PROMPT -
Starting at the first line of the entries, extract each line up to and including the one that contains "Ich startete sehr", but leave out the pictures.
[INPUT MATERIAL]
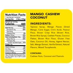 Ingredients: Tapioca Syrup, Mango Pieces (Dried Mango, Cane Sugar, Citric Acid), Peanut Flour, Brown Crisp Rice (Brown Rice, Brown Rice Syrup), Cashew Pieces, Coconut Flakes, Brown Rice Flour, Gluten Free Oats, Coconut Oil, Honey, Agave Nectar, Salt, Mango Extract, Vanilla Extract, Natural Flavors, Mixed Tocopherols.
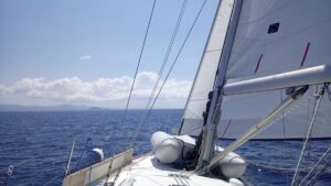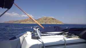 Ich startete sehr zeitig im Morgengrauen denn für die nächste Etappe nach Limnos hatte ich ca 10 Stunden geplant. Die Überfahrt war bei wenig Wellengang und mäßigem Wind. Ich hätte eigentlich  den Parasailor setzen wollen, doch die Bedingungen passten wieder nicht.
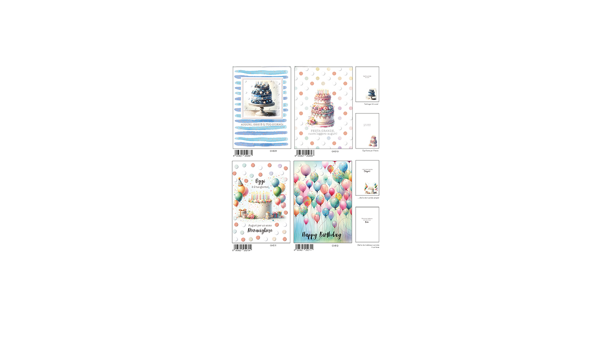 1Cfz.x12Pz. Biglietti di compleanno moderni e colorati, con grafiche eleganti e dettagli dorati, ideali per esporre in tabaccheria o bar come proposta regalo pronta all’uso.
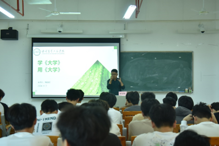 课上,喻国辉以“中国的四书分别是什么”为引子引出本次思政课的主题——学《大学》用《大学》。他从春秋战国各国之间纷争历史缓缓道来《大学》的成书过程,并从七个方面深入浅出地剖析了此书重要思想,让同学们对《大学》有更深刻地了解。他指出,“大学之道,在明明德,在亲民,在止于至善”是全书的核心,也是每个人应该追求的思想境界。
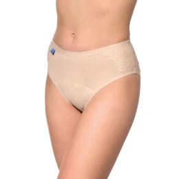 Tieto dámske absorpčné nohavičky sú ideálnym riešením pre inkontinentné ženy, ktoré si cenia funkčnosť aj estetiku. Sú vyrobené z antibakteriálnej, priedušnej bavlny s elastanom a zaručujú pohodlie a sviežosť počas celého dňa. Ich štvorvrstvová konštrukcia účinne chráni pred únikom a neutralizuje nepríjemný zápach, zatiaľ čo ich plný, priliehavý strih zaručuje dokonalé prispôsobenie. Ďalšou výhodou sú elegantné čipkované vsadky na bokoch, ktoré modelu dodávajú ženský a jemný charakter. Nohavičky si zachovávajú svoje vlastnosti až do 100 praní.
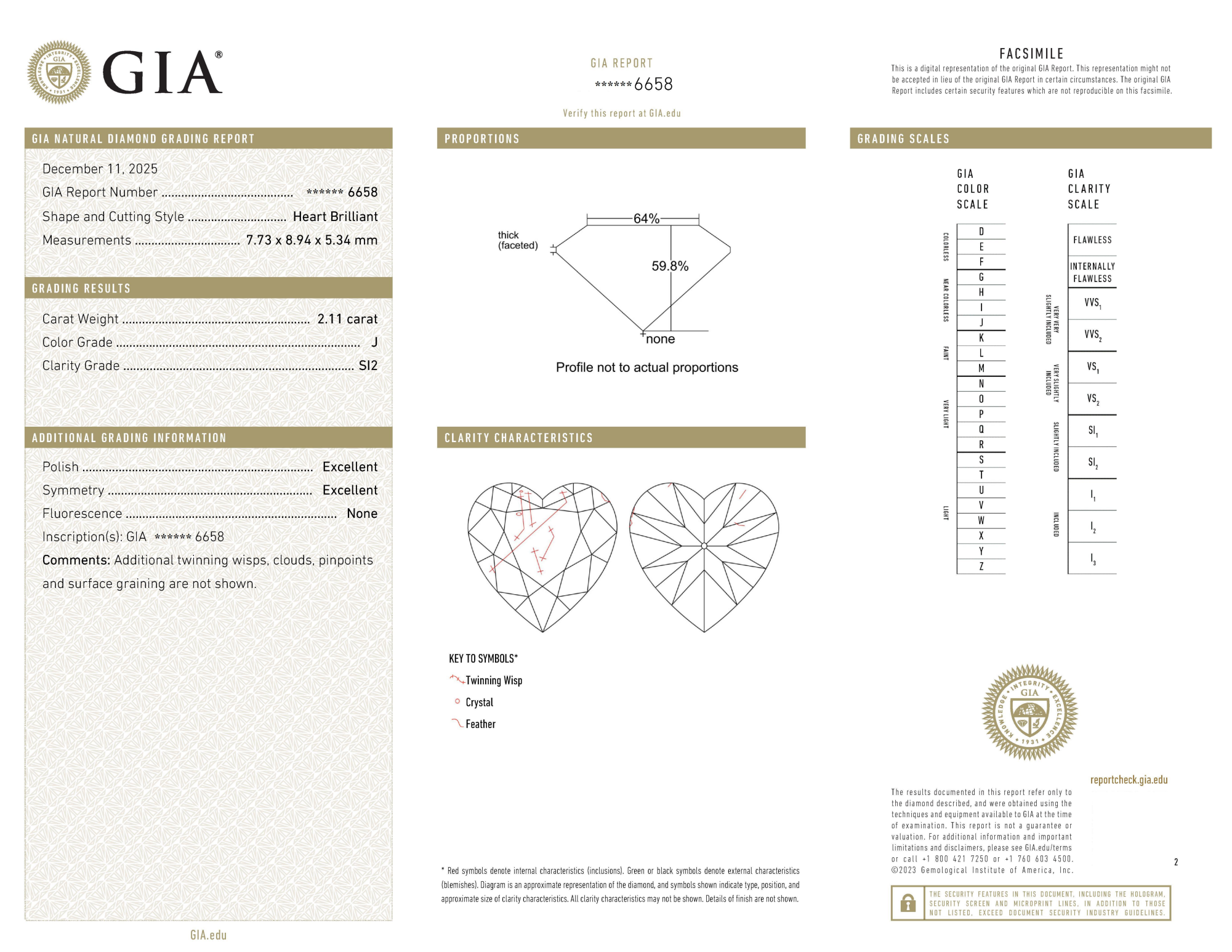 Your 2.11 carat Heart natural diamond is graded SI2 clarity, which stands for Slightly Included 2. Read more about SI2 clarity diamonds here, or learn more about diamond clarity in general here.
[/INPUT MATERIAL]
EXPECTED OUTPUT -
 Ingredients: Tapioca Syrup, Mango Pieces (Dried Mango, Cane Sugar, Citric Acid), Peanut Flour, Brown Crisp Rice (Brown Rice, Brown Rice Syrup), Cashew Pieces, Coconut Flakes, Brown Rice Flour, Gluten Free Oats, Coconut Oil, Honey, Agave Nectar, Salt, Mango Extract, Vanilla Extract, Natural Flavors, Mixed Tocopherols.
 Ich startete sehr zeitig im Morgengrauen denn für die nächste Etappe nach Limnos hatte ich ca 10 Stunden geplant. Die Überfahrt war bei wenig Wellengang und mäßigem Wind. Ich hätte eigentlich  den Parasailor setzen wollen, doch die Bedingungen passten wieder nicht.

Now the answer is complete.